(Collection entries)
------------------------------------------------------------

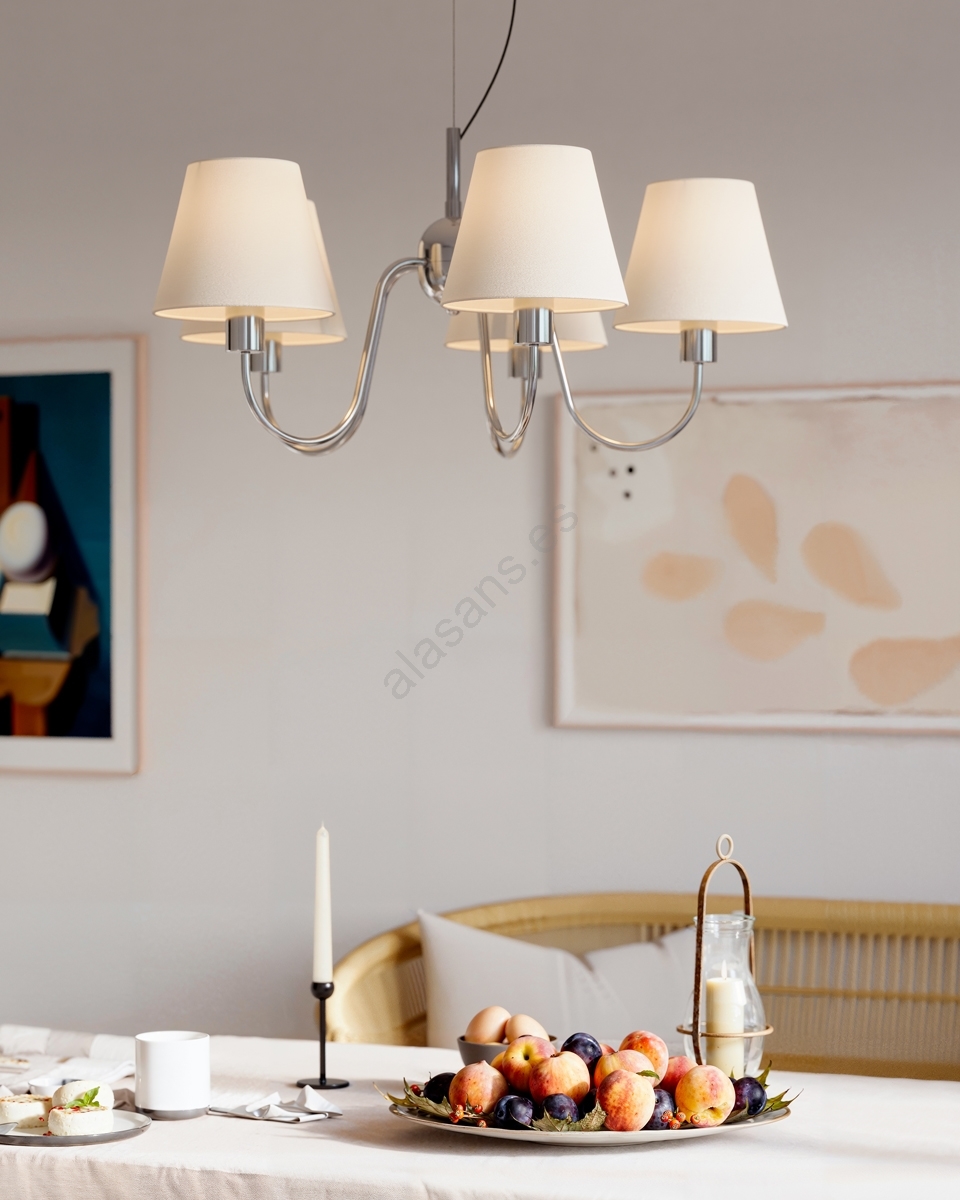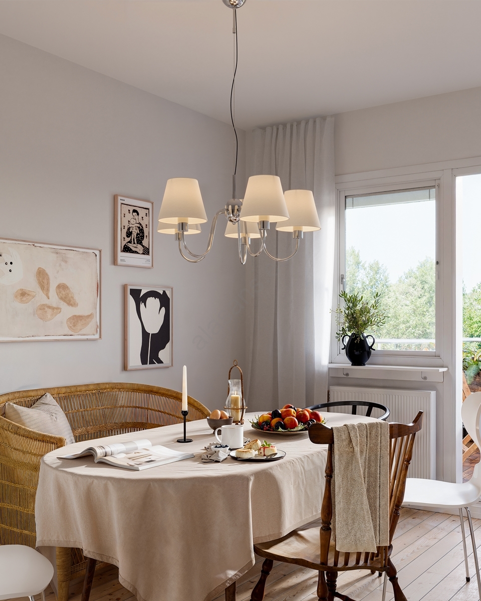 El diseño bonito y funcional caracteriza a ByRydens - Lámpara colgante de cable LYNF 5xE14/8W/230V cromo brillante/blanco.  Una bombilla con casquillo E14 es adecuada para la lámpara. Aquí, puedes comprar otras bombillas a precios ventajosos. Será una adición interesante para tu hogar.
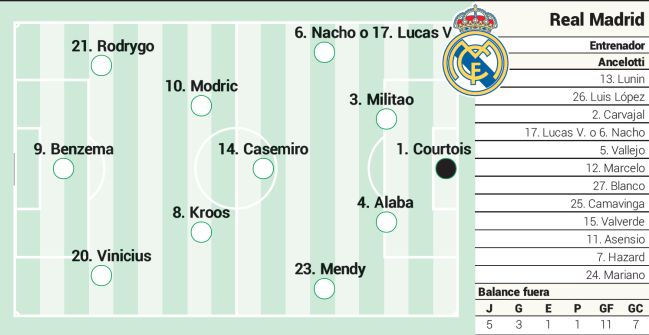 库尔图瓦/巴斯克斯(或纳乔)、米利唐、阿拉巴、门迪/莫德里奇、卡塞米罗、克罗斯/罗德里戈、本泽马、威尼修斯
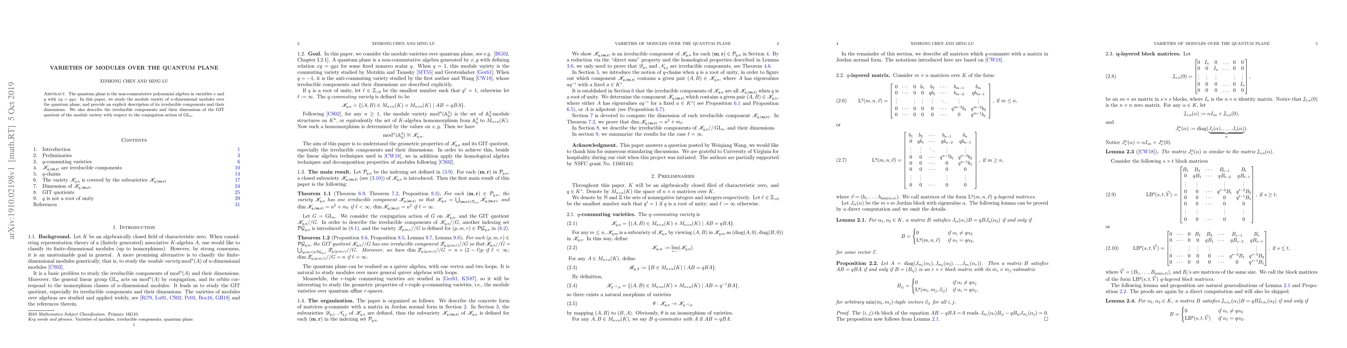 The quantum plane is the non-commutative polynomial algebra in variables $x$ and $y$ with $xy=qyx$. In this paper, we study the module variety of $n$-dimensional modules over the quantum plane, and provide an explicit description of its irreducible components and their dimensions. We also describe the irreducible components and their dimensions of the GIT quotient of the module variety with respect to the conjugation action of ${\rm GL}_n$.
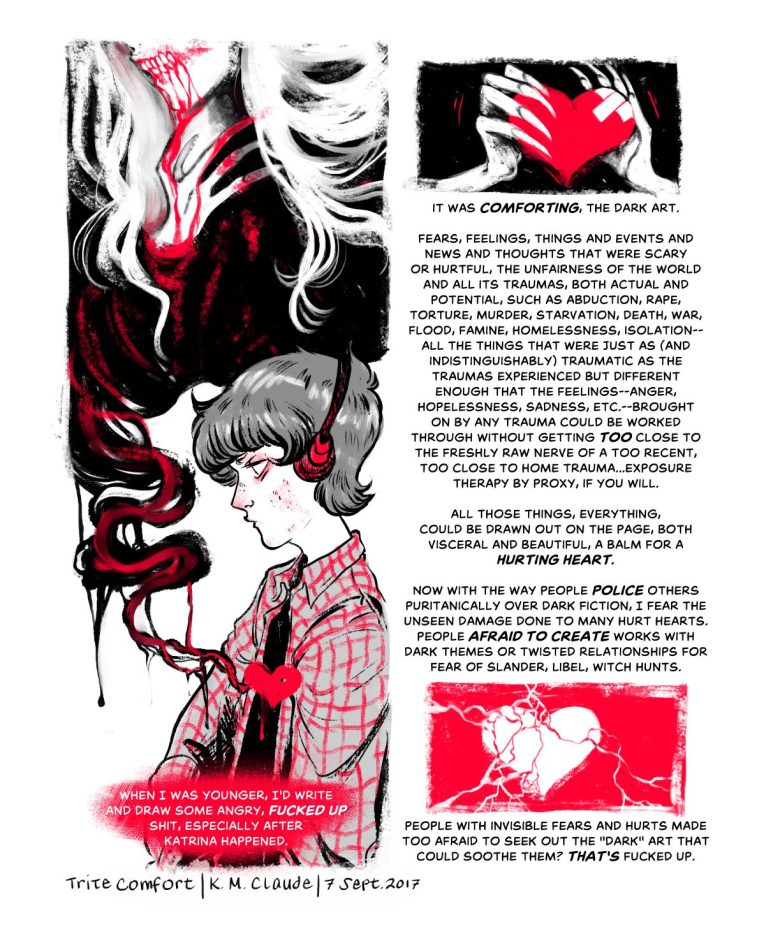 I debated on sharing these or keeping them eventually book exclusive; however, I feel they need to be shared because right now I’m going through a bad mental health time and it used to be that when I did, I could use art to purge feelings through art utterly divorced from myself and my morality and then share that art with others who understood the basics of how art and catharsis worked and we all benefited: people got art and I had an outlet for emotions. Now though with the way things are I am suffocating under the weight of emotions and feelings and crippled mental health because there’s nowhere for it to go and I know I’m not alone. Other artists are suffocating too. Man cannot live on sugar-y sweet uplifting art alone…
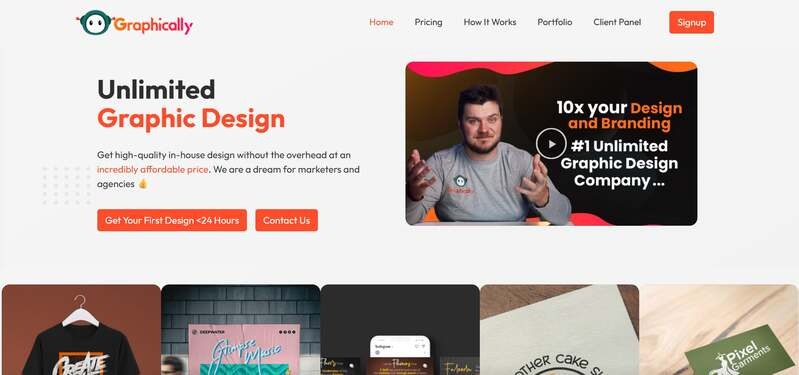 Overkill for solo founders needing basic social graphics. Premium pricing compared to entry-level alternatives. 9. Graphically Graphically's unlimited design services cover both graphic and video design. Their talented designers create great display ads, social media graphics, favicons, basic animated GIFs, and product package design. Graphically has worked with global clients, including FatRank and the SEO Institute.
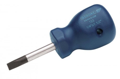 Aço Gedore-Vanadium. Haste niquelada e cromada, cabo em polipropileno azul, ponta
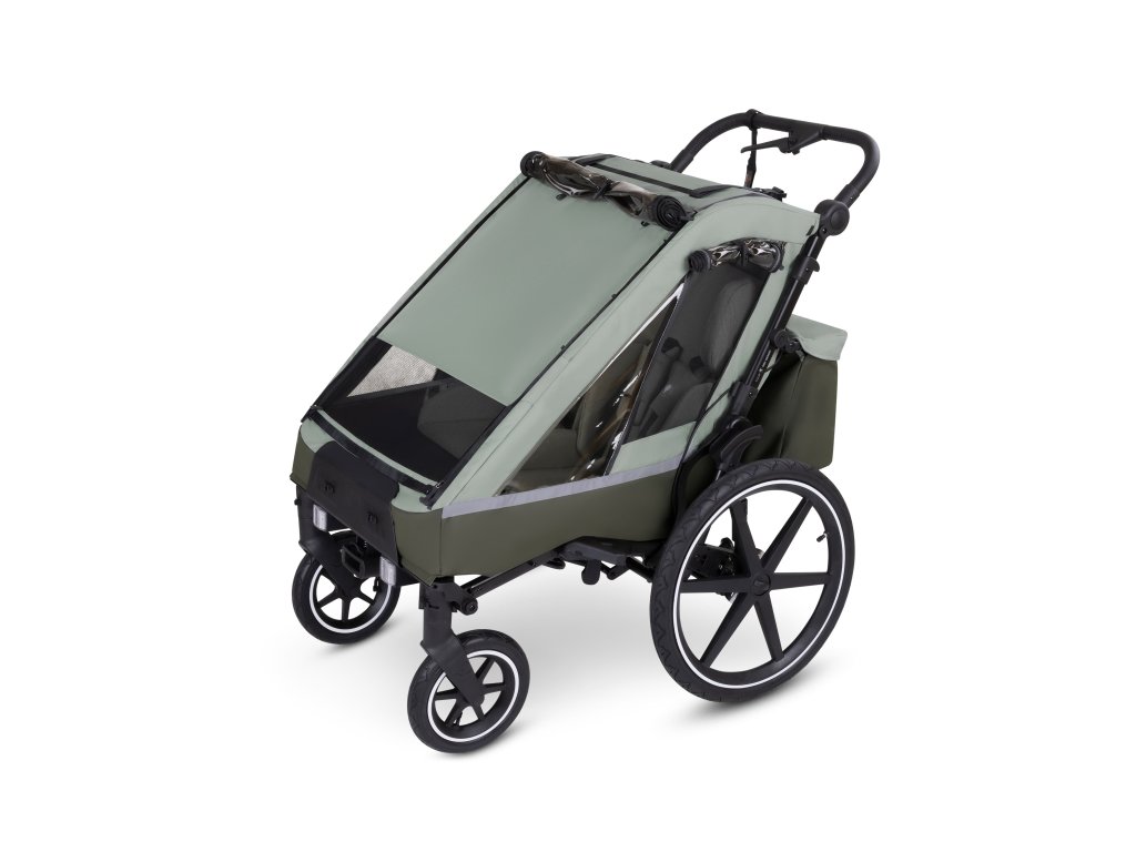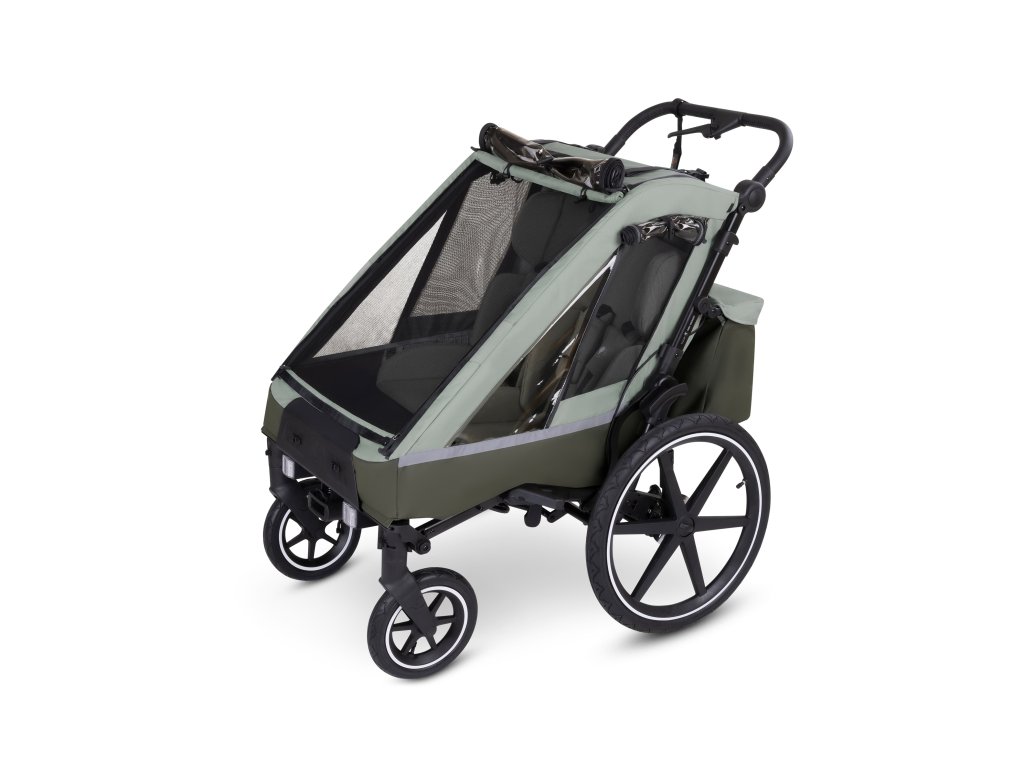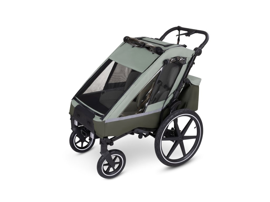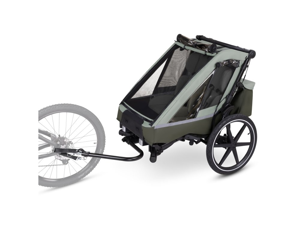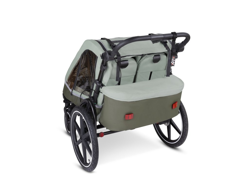 Vysoce kvalitní dětský přívěs za kolo 3v1 pro běh, jogging a cyklistiku až pro 2 děti do celkové hmotnosti 49 kg. Díky jeho multifunkčnosti ho rychle přeměníte z robustního kočárku buď na joggingový kočárek s velkým pneumatickým kolem, nebo na pevný přívěs za kolo.
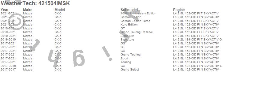 Below is an abbreviated list of applications for the SeatBack Cargo Liner HP w/Bumper Protector.CX-5, Mazda, 2021, 2020, 2019, 2018, 2017

------------------------------------------------------------

Set down the entries above word for word, but drop any image.

 El diseño bonito y funcional caracteriza a ByRydens - Lámpara colgante de cable LYNF 5xE14/8W/230V cromo brillante/blanco.  Una bombilla con casquillo E14 es adecuada para la lámpara. Aquí, puedes comprar otras bombillas a precios ventajosos. Será una adición interesante para tu hogar.
 库尔图瓦/巴斯克斯(或纳乔)、米利唐、阿拉巴、门迪/莫德里奇、卡塞米罗、克罗斯/罗德里戈、本泽马、威尼修斯
 The quantum plane is the non-commutative polynomial algebra in variables $x$ and $y$ with $xy=qyx$. In this paper, we study the module variety of $n$-dimensional modules over the quantum plane, and provide an explicit description of its irreducible components and their dimensions. We also describe the irreducible components and their dimensions of the GIT quotient of the module variety with respect to the conjugation action of ${\rm GL}_n$.
 I debated on sharing these or keeping them eventually book exclusive; however, I feel they need to be shared because right now I’m going through a bad mental health time and it used to be that when I did, I could use art to purge feelings through art utterly divorced from myself and my morality and then share that art with others who understood the basics of how art and catharsis worked and we all benefited: people got art and I had an outlet for emotions. Now though with the way things are I am suffocating under the weight of emotions and feelings and crippled mental health because there’s nowhere for it to go and I know I’m not alone. Other artists are suffocating too. Man cannot live on sugar-y sweet uplifting art alone…
 Overkill for solo founders needing basic social graphics. Premium pricing compared to entry-level alternatives. 9. Graphically Graphically's unlimited design services cover both graphic and video design. Their talented designers create great display ads, social media graphics, favicons, basic animated GIFs, and product package design. Graphically has worked with global clients, including FatRank and the SEO Institute.
 Aço Gedore-Vanadium. Haste niquelada e cromada, cabo em polipropileno azul, ponta
 Vysoce kvalitní dětský přívěs za kolo 3v1 pro běh, jogging a cyklistiku až pro 2 děti do celkové hmotnosti 49 kg. Díky jeho multifunkčnosti ho rychle přeměníte z robustního kočárku buď na joggingový kočárek s velkým pneumatickým kolem, nebo na pevný přívěs za kolo.
 Below is an abbreviated list of applications for the SeatBack Cargo Liner HP w/Bumper Protector.CX-5, Mazda, 2021, 2020, 2019, 2018, 2017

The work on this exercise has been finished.